I call script as follows:
check_passwords(
pdf_file_path='/Users/my_name/Downloads/XXXXXXXX.pdf',
combination=[
ALPHABET_UPPERCASE,
ALPHABET_UPPERCASE,
ALPHABET_UPPERCASE,
ALPHABET_UPPERCASE,
NUMBER,
NUMBER,
NUMBER,
NUMBER,
]
)
Password-checking script:
(Requires Python3.8, with libraries numpy and pikepdf)
from typing import *
from itertools import product
import time, pikepdf, math, numpy as np
from pikepdf import PasswordError
ALPHABET_UPPERCASE: Sequence[str] = tuple('ABCDEFGHIJKLMNOPQRSTUVWXYZ')
ALPHABET_LOWERCASE: Sequence[str] = tuple('abcdefghijklmnopqrstuvwxyz')
NUMBER: Sequence[str] = tuple('0123456789')
def as_list(l):
if isinstance(l, (list, tuple, set, np.ndarray)):
l = list(l)
else:
l = [l]
return l
def human_readable_numbers(n, decimals: int = 0):
n = round(n)
if n < 1000:
return str(n)
names = ['', 'thousand', 'million', 'billion', 'trillion', 'quadrillion']
n = float(n)
idx = max(0,min(len(names)-1,
int(math.floor(0 if n == 0 else math.log10(abs(n))/3))))
return f'{n/10**(3*idx):.{decimals}f} {names[idx]}'
def check_password(pdf_file_path: str, password: str) -> bool:
## You can modify this function to use something other than pike pdf.
## This function should throw return True on success, and False on password-failure.
try:
pikepdf.open(pdf_file_path, password=password)
return True
except PasswordError:
return False
def check_passwords(pdf_file_path, combination, log_freq: int = int(1e4)):
combination = [tuple(as_list(c)) for c in combination]
print(f'Trying all combinations:')
for i, c in enumerate(combination):
print(f"{i}) {c}")
num_passwords: int = np.product([len(x) for x in combination])

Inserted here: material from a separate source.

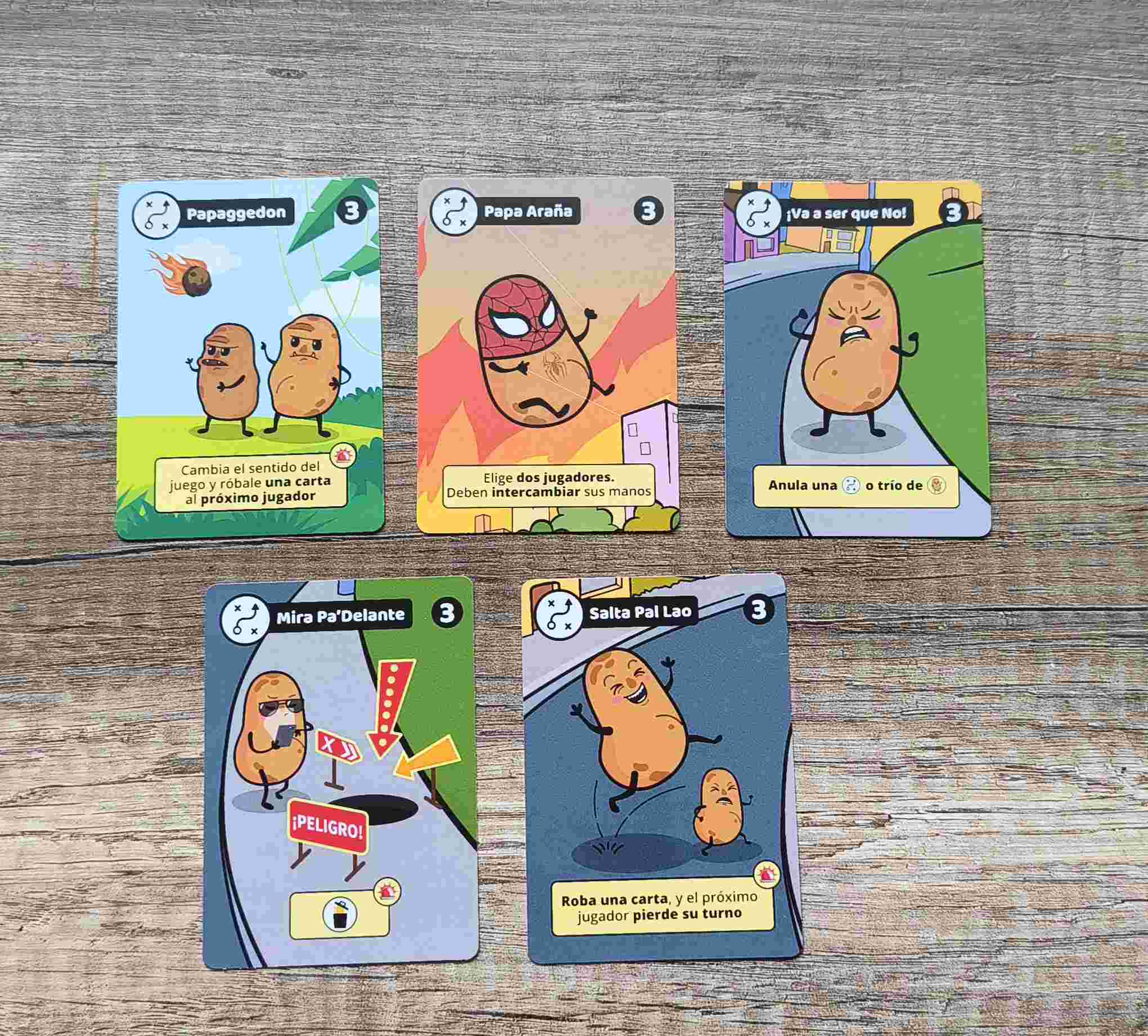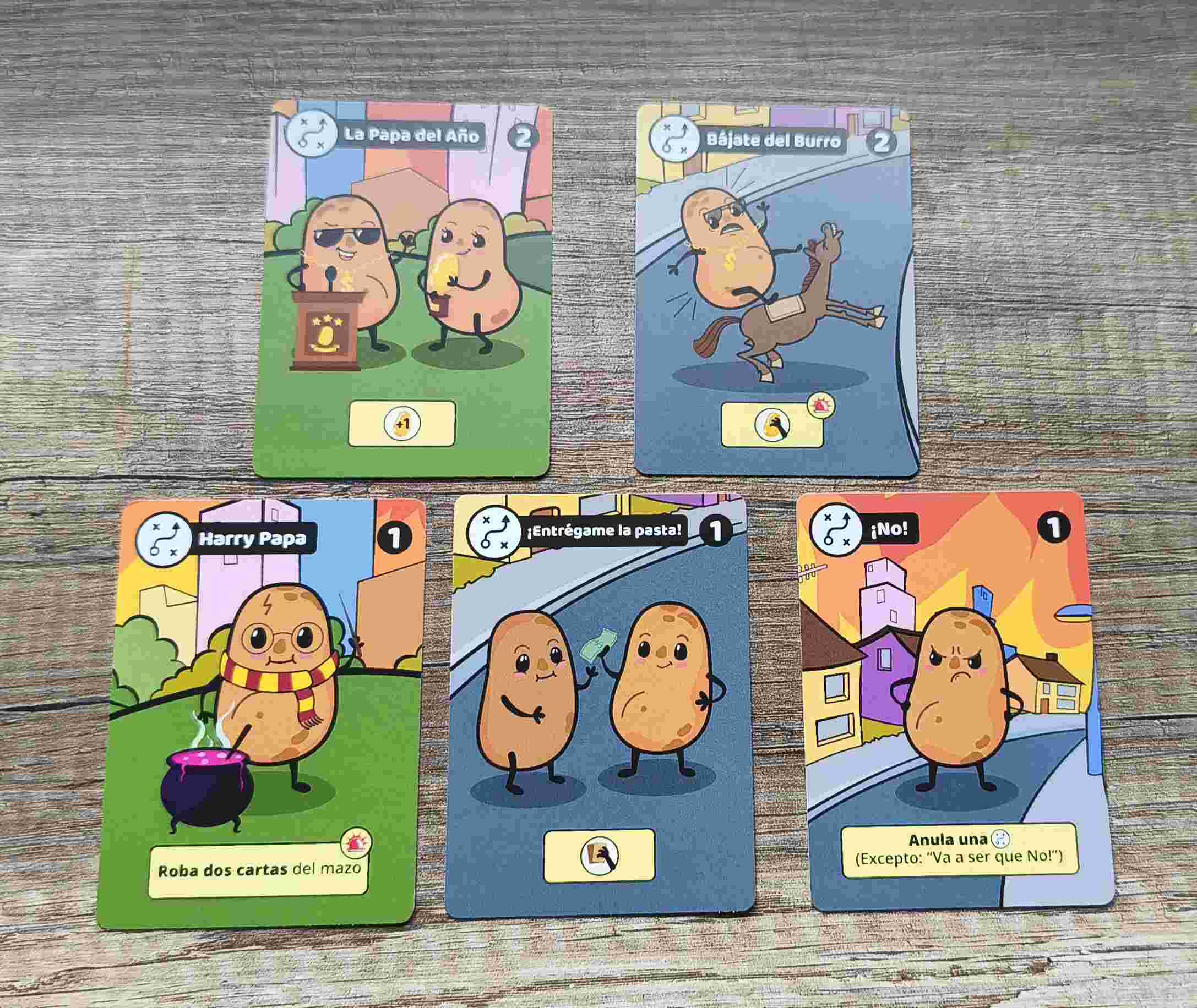 Nos ha gustado mucho que las cartas de papas de oro sean reversibles y cuando consigues más de una, puedas girar la carta que ya tienes para duplicarla.

passwords = product(*combination)
success: bool | str = False
count: int = 0
start: float = time.perf_counter()
for password in passwords:
password = ''.join(password)
if check_password(pdf_file_path, password=password):
success = password
print(f'SUCCESS with password "{password}"')
break
count += 1
if count % int(log_freq) == 0:
now = time.perf_counter()
print(f'Tried {human_readable_numbers(count)} ({100*count/num_passwords:.1f}%) of {human_readable_numbers(num_passwords)} passwords in {(now-start):.3f} seconds ({human_readable_numbers(count/(now-start))} passwords/sec). Latest password tried: "{password}"')
end: float = time.perf_counter()
msg: str = f'Tried {count} passwords in {1000*(end-start):.3f}ms ({count/(end-start):.3f} passwords/sec). '
msg += f"Correct password: {success}" if success is not False else f"All {num_passwords} passwords failed."
print(msg)
Comments
Obviously, don't use this to break into PDFs which are not your own. I hold no responsibility over how you use this script or any consequences of using it.
A lot of optimizations can be made.
Right now check_password uses pikepdf, which loads the file from disk for every "check". This is really slow, ideally it should run against an in-memory copy. I haven't figured out a way to do that, though.
You can probably speed this up a LOT by calling qpdf directly using C++, which is much better than Python for this kind of stuff.
I would avoid multi-processing here, since we're calling the same qpdf binary (which is normally a system-wide installation), which might become the bottleneck.